Things to Do in Fort Wayne and Beyond

I, Wombat / Cry Like A Man

D.M. Jones

Whatzup Features Writer

Published March 15, 2012

Heads Up! This article is 11 years old.

They’re back and they mean business: body-blow riffs, thunderous drums, killer momentum and hooks big enough to catch marlin. Cry Like a Man is I, Wombat 2.0. And, it packs a wallop — with a smile on its face, of course.  When you call your opening salvo “The Vest Has Sleeves,” then proceed to combine a steamroller rock-out with several winks and nods, then you (and by “you” I mean I, Wombat) are definitely onto something. “Sorry About Your Luck” sprints along atop a burbling bassline and, no kidding, a bit of a prog vibe here and there. Throughout Cry Like a Man, you can visualize singer/guitarist Chad Fry leaning into the microphone, almost physically pushing his way out of the speakers. It’s easy to imagine these guys holding their own on bigger stages; their sonics and energy can’t be denied. 

While the overall whole of Cry Like a Man is definitely uptempo, the boys manage to sneak in several surprises and changeups. “Behind the Sun” actually kicks off with some tasty slide guitar and settles into an almost classic-rock soulful groove. If you intend to go to an I, Wombat show soon (and you certainly should), be sure to install that lighter app on your phone and prepare to wave it high during this crowd pleaser. 

The tempo soon ratchets up and the hard rocking continues on “Give It Up,” fueled by a Foo Fighters-approved chorus. One point to make here: I, Wombat don’t fall into an easy-to-define category. They’re just as much about rip-snorting rawk as they are about memorable hooks. They have their out-and-out metal moments, but they always manage to keep grins from turning into grimaces. That’s not to say they’re a “funny” band, but they pull off what so few bands can do by simultaneously conveying toughness, raw power and a sense of fun. Hell, “Homemade Johnny” veers between Blackfoot corn stompin’ and Mudhoney abandon — and even shows off not only a killer guitar solo from Lou Cucinelli but gives bassist Darren Monroe his own four-string spotlight moment. 

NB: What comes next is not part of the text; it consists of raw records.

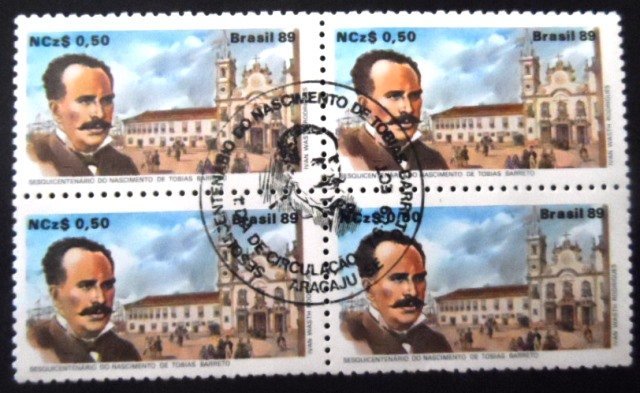 Quadra de selos postais Comemorativos, com goma, NÃO CIRCULADA, obliterada com Carimbo Único Comemorativo / 1º Dia de Circulação de Aracajú / SE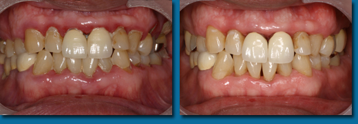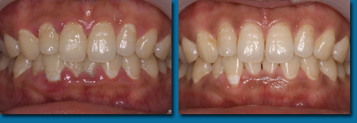 歯の磨き方が悪いと虫歯にもなりますが、磨き残した歯垢が唾液と反応して硬い歯石になって歯にこびり付いてしまいます。歯石になると歯ブラシでは取れなくなり、その中には沢山のバイ菌が潜んでいるために周りの歯肉が赤く腫れてしまいます。歯ブラシがあたると出血しやすくなりそのまま放置すると歯槽のう漏に進行していきます。歯石の除去を行い毎日の歯磨きをしっかり行うことで歯肉の状態はビックリするぐらい良くなります。歯石の除去は歯科衛生士の上手い下手が最も出る部分で、当院の歯科衛生士も歯石の取り残しがないように日々努力しています。左が歯石を取る前、右が取った後です。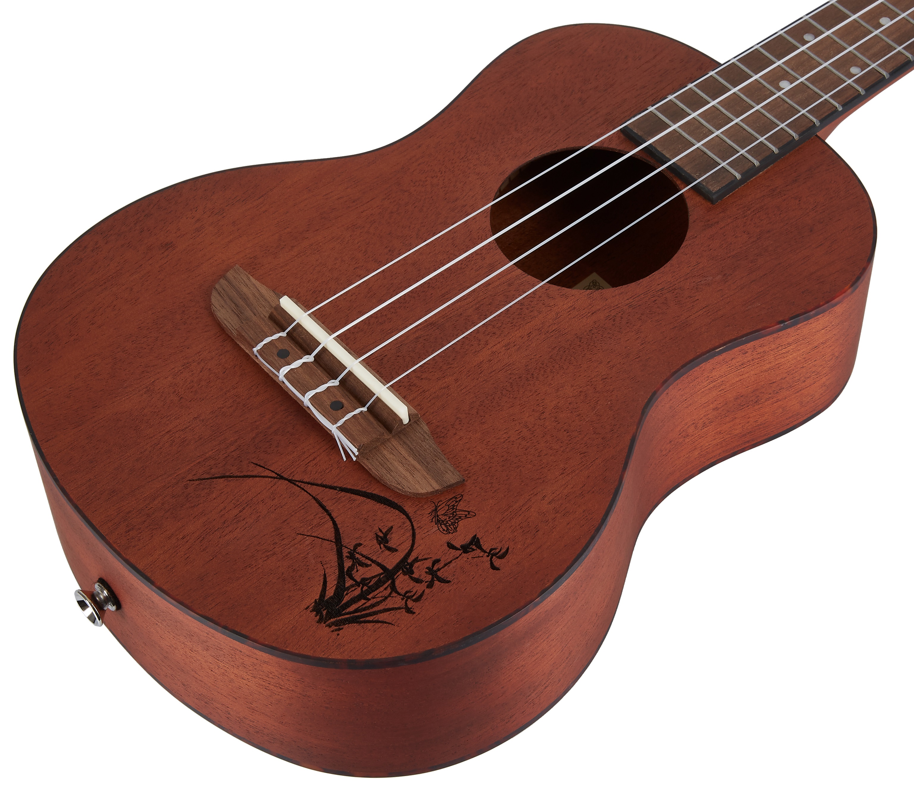 Akustické ukulele Ukulele Ortega zo série Bonfire sú ideálnou voľbou pre začiatočníkov na tento obľúbený nástroj. Ich spoločným menovateľom je kvalitné spracovanie a použitie časom overených materiálov (drevín). Telo tenorového ukulele RU5MM-TE je vyrobené z preglejky sapele. Predná doska je zdobená laserovým gravírovaním, telo obopína pás z materiálu ABS. Mahagónový krk je osadený orechovým hmatníkom s osemnástimi pražcami a polohovacie bodky uľahčujú orientáciu. Struny sú osadené v orechovom hmatníku a uz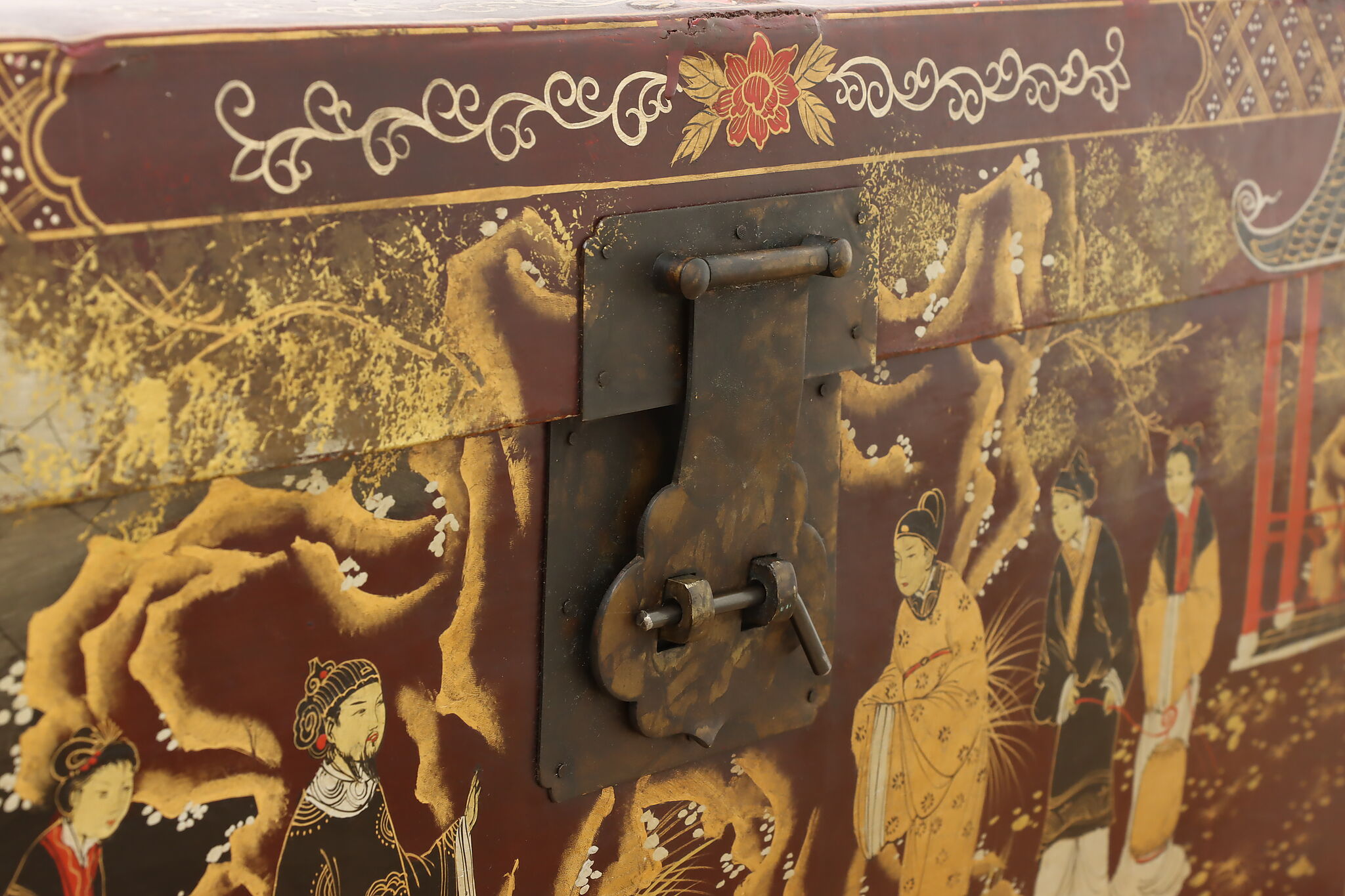 This storage trunk or chest has wonderfully hand-painted scenes from a Chinese temple.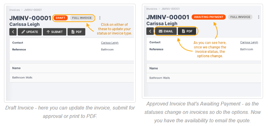 Similarly, invoices created in Jobman will not appear in your accounting software until you submit them. You MUST click “Submit” to sync your invoice. You CANNOT sync your invoice by manually changing the invoice status, e.g. to “Awaiting Payment”.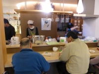 今か今かと鴨汁の完成を待つカウンター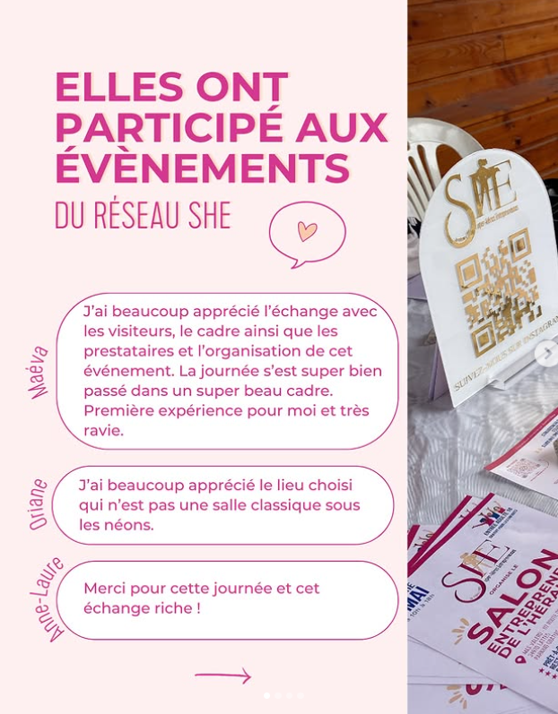 Ta présence est relayée sur les réseaux sociaux des réseaux partenaires et dans la newsletter SHE.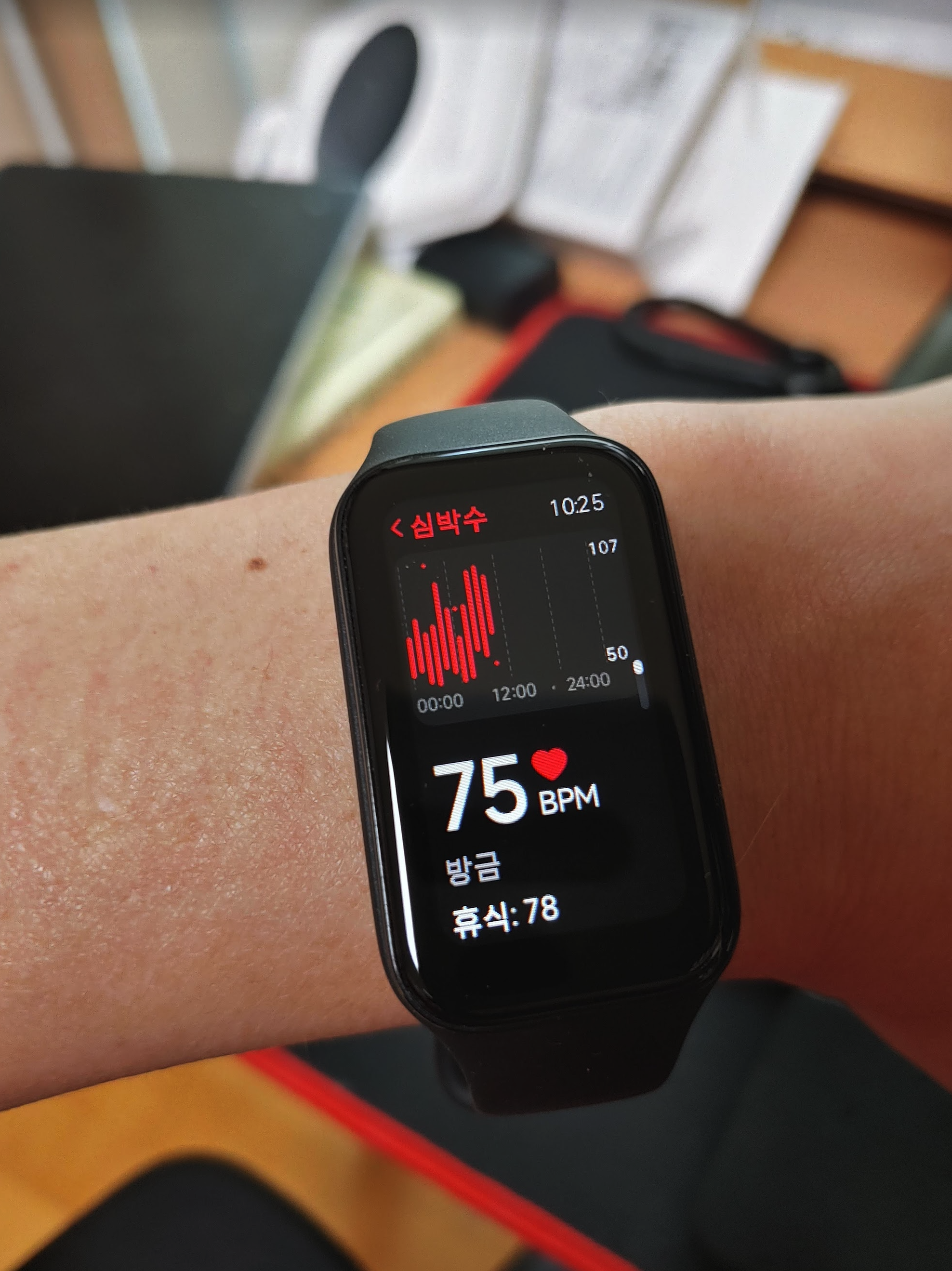 샤오미 미밴드 4는 조금 없어보이기는 하지만 가볍고 편하다. 그런데 얼마전부터 노안(....)으로 글자 보기가 불편해지기 시작했다. 최신 미밴드는 조금 화면이 커지고 시인성이 나아졌다고 해서 새 제품을 구매하려던 중... 레드미 스마트밴드라는 게 눈에 띄어서 구매했다. 가격 4만원 정도로 오히려 미밴드 7보다 싸다.

Understated and wound tight at first, then exploding into what we shall now refer to as “vintage Wombat,” the fabulously titled “In Loving Memory of Chrissy Snow” could be a long-lost nephew of a vintage Naked Raygun tune. Fry playfully rolls “All that ego’s gonna eat your head / All this libido’s gonna break your bed” off his tongue; then the fireworks kick in. You don’t have to be a True Rock Fan to appreciate this; just turn it up and instinct will do the rest. 

Want a little respite after all that jumpin’ and sweatin’? Stick around for “Saint Louis” which slows things down – for a while, anyway. By album’s end, the attentive listener is left both tuckered out and psyched to head back in for another round. Cry Like a Man is the sound of a band firing on all cylinders — and enjoying the drive. 

Catch I, Wombat live on March 23 at CS3, where they’ll debut Cry Like a Man in all its glory.